Kadro ne kadar kalabalık olursa olsun Powder ve Violet’in hikayeleri apayrı bir noktada. Bu iki kardeş, eşitlik mücadelesi verirken üst şehirli polisler tarafından öldürülen bir anne-babanın çocukları. Hayatları boyunca öteki, düşman, hain olarak yaşayacaklarını çok küçük yaşta sindirmişler. Aslında motivasyonları temelde birebir aynı. Violet Powder’ı, Powder Violet’i, ikisi de Vander’ı ve dostlarını çok sevmelerine rağmen ellerinde kalan tek şey yıkım ve yalnızlık. Yaşanan bölgenin şartları insanların erken olgunlaşması için bir sebeptir elbette ama çocuk olmak, ne olursa olsun hatalar yapmaktır. Travmalar hatalara, hatalar daha büyük travmalara, en sonunda topluma sığmayıp çıldırmaya dolu bir yolculuk bu. Vi karşısına çıkan her şeyi kırmaya çalışan bir savaşçıya dönüşüp kardeşini deli ilan etti. Oysa başlangıçları gibi sonlarında da elmanın iki yarısı gibiydiler. Ne olursa olsun kardeşinin peşini bırakmayan, kavgadan kaçmayan, karşısına çıkan her şeyi yıkabilen delifişek kardeşler.

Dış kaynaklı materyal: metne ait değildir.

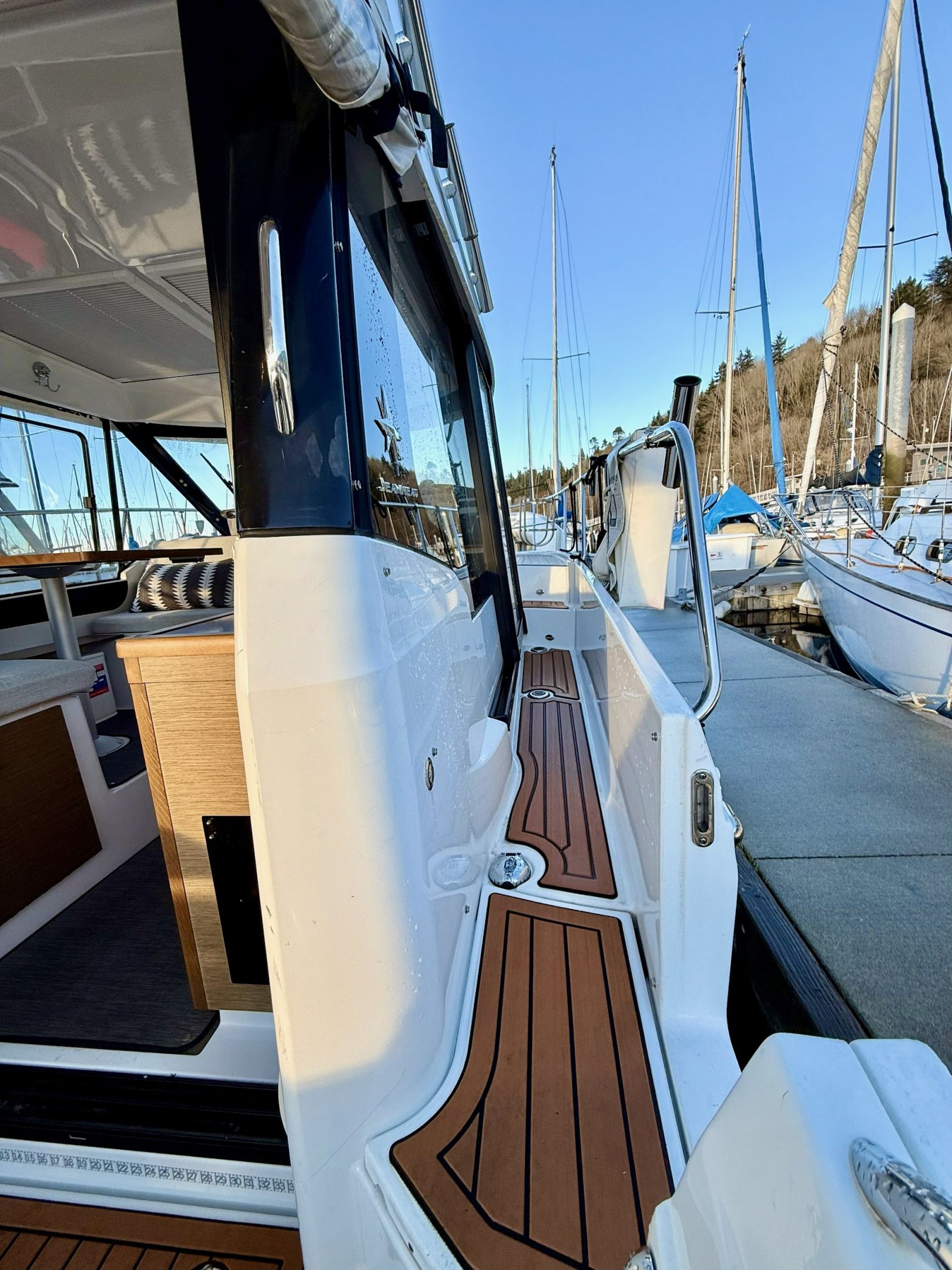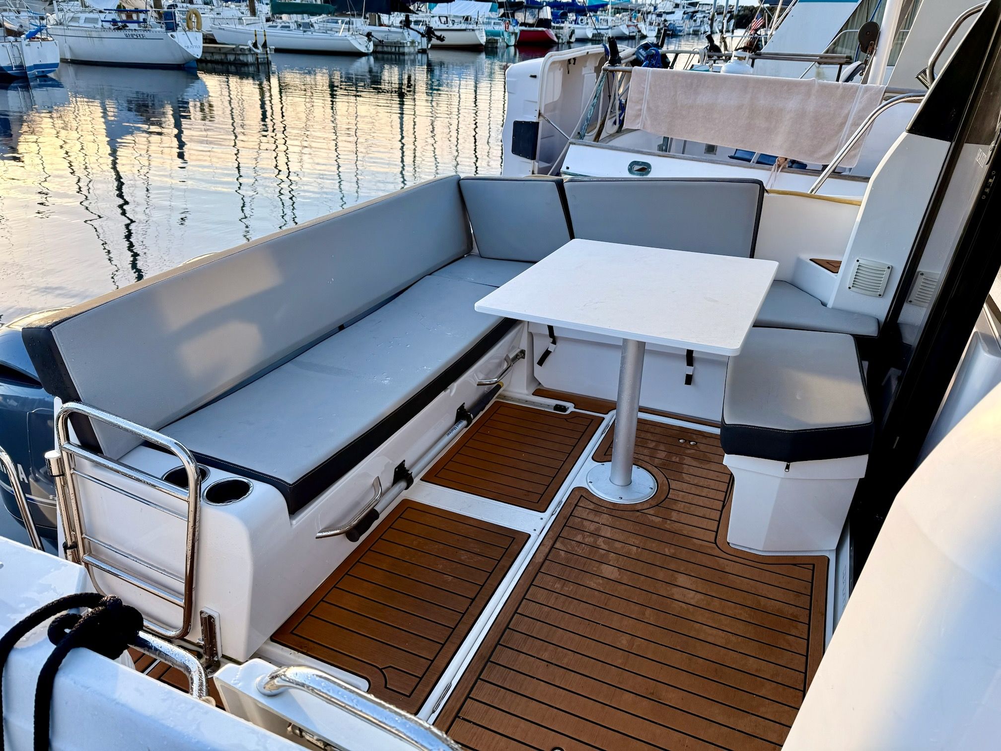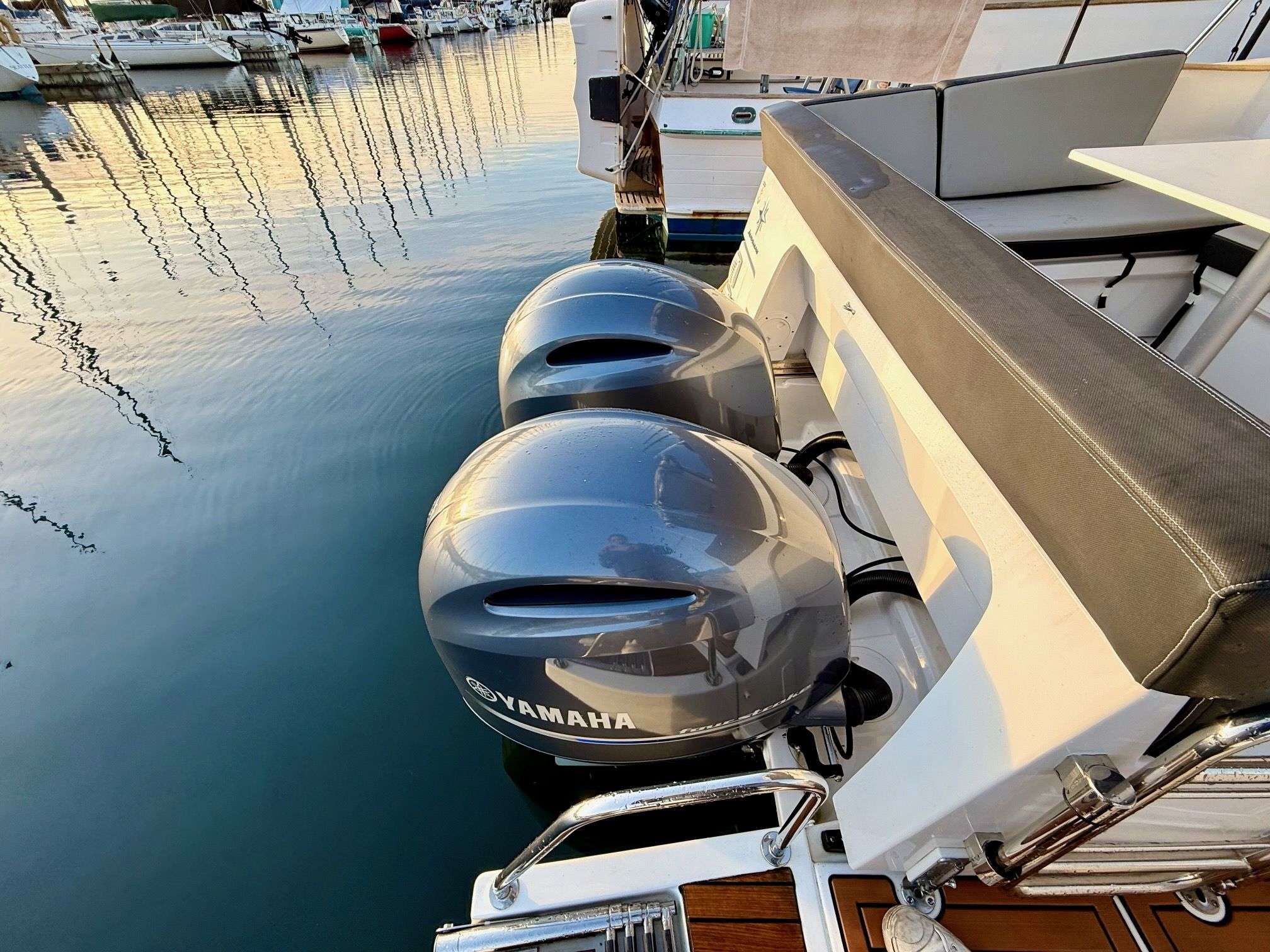 Twin Yamaha 200s deliver smooth, efficient power with excellent handling at all speeds. Wide side decks, a secure bow, and a modular cockpit layout make this boat safe and enjoyable for families, guests, and new boaters alike.

Delifişek Kardeşlerin Öyküsü
Ekko’nun alternatif evren kısmını izlerken kendi kendime “Eğer tüm bunlar kafasının içinde yaşanıyorsa çok sıkıcı, eğer alternatif bir evrende geçiyorsa çok daha sıkıcı.” dedim. Fakat bambaşka bir evrende, Jinx’e dönüşmemiş Powder’ı izleyince fikrim değişti. Aslında eşit şartlarda Powder ve Ekko’nun Jayce’in başardığı her şeyi başarabilecek seviyede çocuklar olduğunu izledik. Şehrin atmosferi değişince insanların da farklı rotaları izlediğini gördük.
Powder’ın iyi niyetini hakkıyla kaybetmemiş olduğunu düşünüyorum. Finalde Jinx’in “Jinxlik” yapabildiği tek kısım ilk sezonun sonundaki patlamaydı. Bu sezonun öncesinde yayınladıkları fragmanları izleyince de Jinx’in sırtına lüzumsuz bir liderlik yükleneceğini düşünmüştüm. Neyse ki bu yaşanmadı. Isha ile arasındaki bağı izlerken Vi ile olan ilişkisinin yansıması zannedebilirsiniz. Fakat Jinx, Isha’da Powder’ı görüyor bence. Yazım olarak değerlendirildiğinde Isha ile Violet eşleşmesi ne kadar kolaysa, Isha ile Powder eşleşmesi bir o kadar zor. Jinx gibi bir karakterin ıssız bir sokakta bulup kurtardığı o küçük kızı, hayatını kurtarmak için kendini feda ederken izlemesi… Isha Jinx için kurtarılabilir bir Powder iken, Jinx bu ilişkide hem Vander hem Violet hem de Silco oldu. Bir sezonda sadece tek bir karakter ekleyerek bu kadar çok hikaye anlatabilmek gerçekten büyük başarı.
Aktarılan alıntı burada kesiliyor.